A book I am reading features two characters: the competitive "winner" that always succeeds at every task to which he turns his hand and the philosophical teacher who is so centered as to be immune to bribery. I always wanted to be more like the latter than the former.
I go through phases of
googling people I once knew. This has allowed me to track down school chums and coworkers, a rewarding reconnection. Yet it sometimes yields a reminder of forgotten slights.
I found some references to one "John Rittenhouse". Rittenhouse is now pastor of some fundamentalist church. Why is this not rewarding? Well, Rittenhouse was the year ahead of me in high school and an arrogant, bullying asshole. Captain of the football team, he was his own biggest fan. That, in itself, is not such a problem. But he was the kind of asshole that beat up smaller kids and took cheap shots on the field. I know; I was on his team and he took a cheap shot at me.

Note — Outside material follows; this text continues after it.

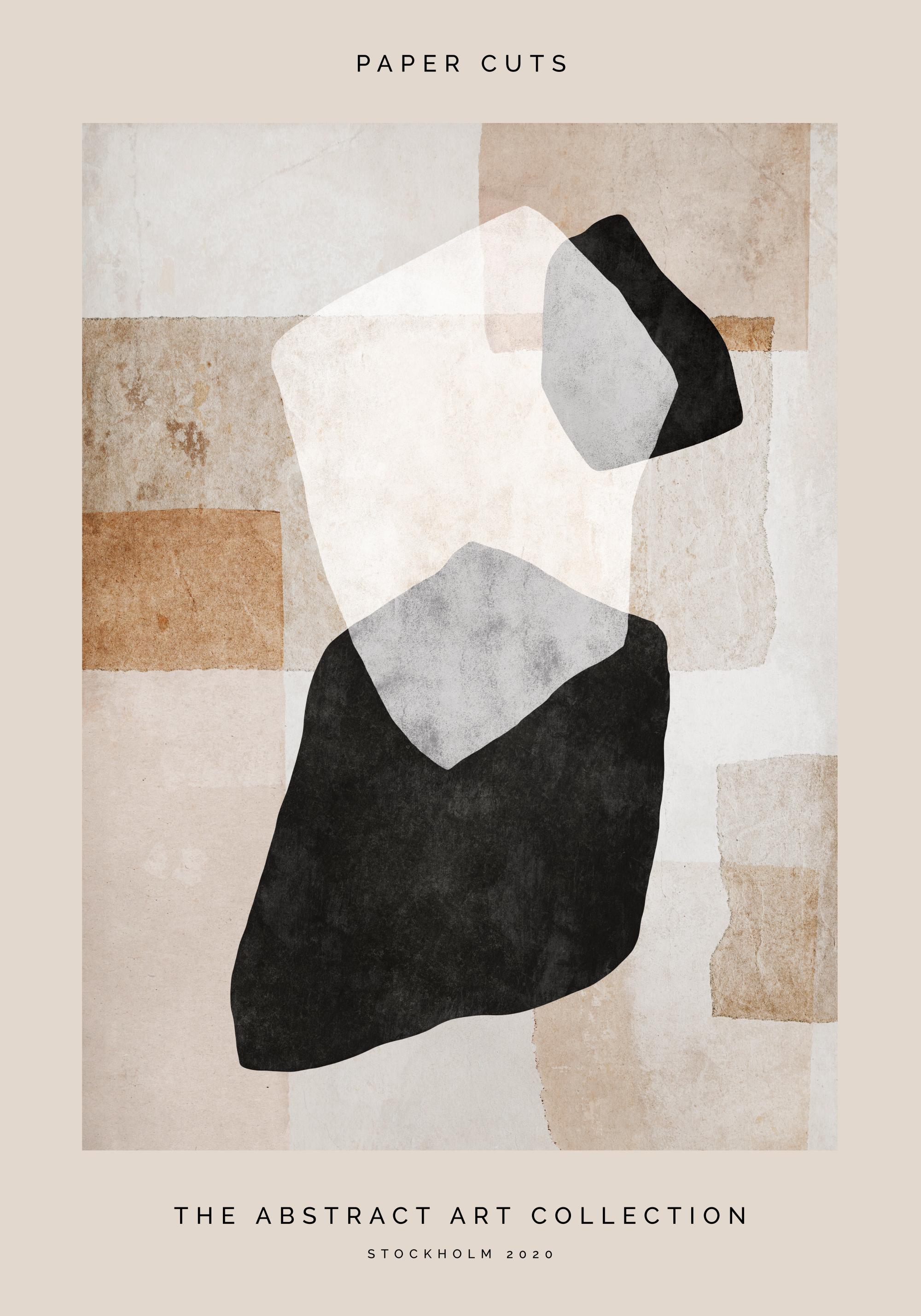Abstrakte Illustration mit Papierstücken in Schwarz und Weiß auf einem beigen Hintergrund und Text darüber und darunter. Auf der Suche nach einem künstlerischen Look? Zusammen mit Paper Cuts No2 ist dieses Poster ein perfektes Paar, das wunderbar an eine kleinere Wandfläche im Flur oder Wohnzimmer passt!

Of course, adolescence is a tough time and rare is the person who does nothing stupid during those years. I wondered if Rittenhouse had bettered himself. It certainly does not appear that way. Not just his profession, but he married his high school girlfriend. It seems unlikely that if she liked his high school behavior that she would stay with him if he had a 180-degree change. While one leopard may change his spots, the odds of two changing are geometrically lower.
I would like to be advanced enough that this would not bother me. Alas, I am not. It still irritates me that people like Rittenhouse get away with being assholes. I intellectually know that it happens all the time and has happened since the beginning of mankind. ("Grug eat my share of mammoth. Why not Grug pushed over cliff?") But emotionally it is hard for me to tolerate.
P.S. People like Rittenhouse are why I dislike Christianity. I know there are good Christians; I know a few of them. But my experience with Christianity is that the Rittenhouses form the majority.